- **SUPPLIED DATA**
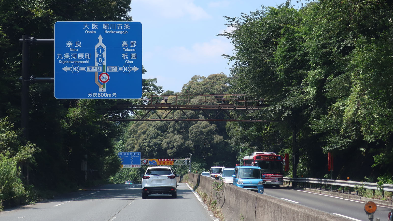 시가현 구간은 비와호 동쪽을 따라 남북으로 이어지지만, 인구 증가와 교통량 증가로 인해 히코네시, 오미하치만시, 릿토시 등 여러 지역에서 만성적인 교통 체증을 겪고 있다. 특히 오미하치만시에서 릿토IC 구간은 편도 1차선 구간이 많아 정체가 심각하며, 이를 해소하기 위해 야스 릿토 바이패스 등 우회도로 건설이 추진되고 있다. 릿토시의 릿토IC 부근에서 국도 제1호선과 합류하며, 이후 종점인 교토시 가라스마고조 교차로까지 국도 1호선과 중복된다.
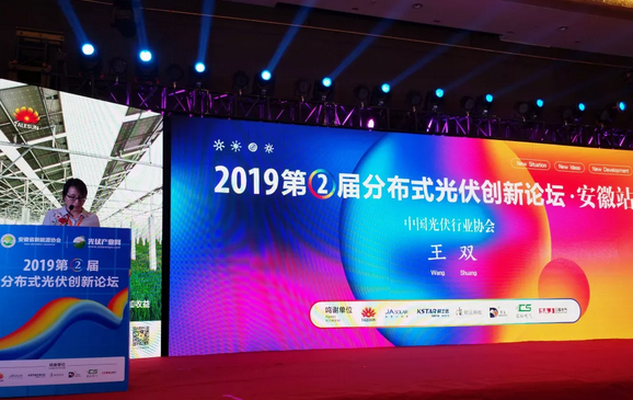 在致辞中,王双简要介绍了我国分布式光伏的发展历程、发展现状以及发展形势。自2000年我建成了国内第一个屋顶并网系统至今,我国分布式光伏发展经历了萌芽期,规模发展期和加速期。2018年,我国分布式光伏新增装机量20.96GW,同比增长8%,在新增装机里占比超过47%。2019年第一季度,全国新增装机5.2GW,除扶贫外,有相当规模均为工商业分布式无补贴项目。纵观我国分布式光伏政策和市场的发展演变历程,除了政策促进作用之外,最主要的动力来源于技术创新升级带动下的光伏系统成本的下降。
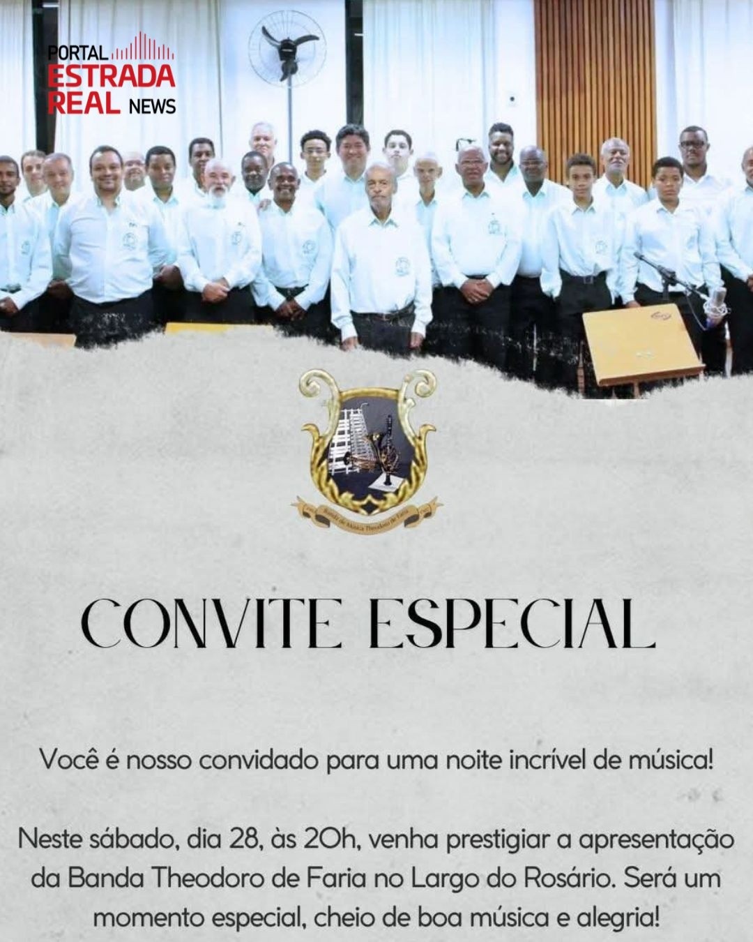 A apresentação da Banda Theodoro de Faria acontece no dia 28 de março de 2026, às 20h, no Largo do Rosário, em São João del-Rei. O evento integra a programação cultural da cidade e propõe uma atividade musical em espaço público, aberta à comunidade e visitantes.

- **PROBLEM STATEMENT**
Your response must consist of the lines from the beginning of the data through the line containing "在致辞中,王双简要介绍了我国", transcribed exactly, with no pictures.

- **SOLUTION TO THIS TASK**
 시가현 구간은 비와호 동쪽을 따라 남북으로 이어지지만, 인구 증가와 교통량 증가로 인해 히코네시, 오미하치만시, 릿토시 등 여러 지역에서 만성적인 교통 체증을 겪고 있다. 특히 오미하치만시에서 릿토IC 구간은 편도 1차선 구간이 많아 정체가 심각하며, 이를 해소하기 위해 야스 릿토 바이패스 등 우회도로 건설이 추진되고 있다. 릿토시의 릿토IC 부근에서 국도 제1호선과 합류하며, 이후 종점인 교토시 가라스마고조 교차로까지 국도 1호선과 중복된다.
 在致辞中,王双简要介绍了我国分布式光伏的发展历程、发展现状以及发展形势。自2000年我建成了国内第一个屋顶并网系统至今,我国分布式光伏发展经历了萌芽期,规模发展期和加速期。2018年,我国分布式光伏新增装机量20.96GW,同比增长8%,在新增装机里占比超过47%。2019年第一季度,全国新增装机5.2GW,除扶贫外,有相当规模均为工商业分布式无补贴项目。纵观我国分布式光伏政策和市场的发展演变历程,除了政策促进作用之外,最主要的动力来源于技术创新升级带动下的光伏系统成本的下降。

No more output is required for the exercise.